The excerpts from Spactacus and Gayenah conducted by the composer himself with the London Symphony in its palmy days not long before his death, bring these two scores with their heady exoticism to life. The Concertos are a different story.

Neither has ever become mainstream repertoire, despite the advocacy of the seriously underrated pianist Mindrew Katz and the peerless David Oistrakh in the Violin Concerto, in which he apparently had serious input. In the Piano Concerto, Katz invests this often racketty score (replete with phoney orientalisms) with genuine poetry, and the lyrical episodes are well handled by Boult in acceptable 1950s sound.

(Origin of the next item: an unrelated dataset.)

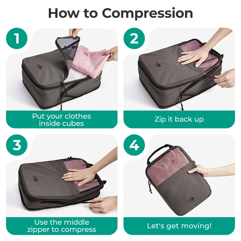 BAGSMART Travel Packing Cubes Compression 6 Pcs Luggage Organizer Bags Pouch Suitcases Expansion Clothes Storage Bag

Where the work momentarily comes unstuck is in the disastrous inclusion of the flexatone, a kind of musical saw, wisely omitted from Willaim Kapell’s recording. Unlike the theramin in Miklos Rosza’s score to Hitchcock’s Spellbound, where it adds to the sinister ambience, the flexatone sounds like a demented audience member whistling along. The Violin Concerto benefits similarly from Oistrakh’s virtuosity and imagination.

For me, the most interesting work in the set is the Suite from the 1942 ballet Masquarade, based on Lermontov’s reworking of the Othello story, where Khachaturian’s sardonic portrait of Leningrad society could almost have been penned by Shostakovich.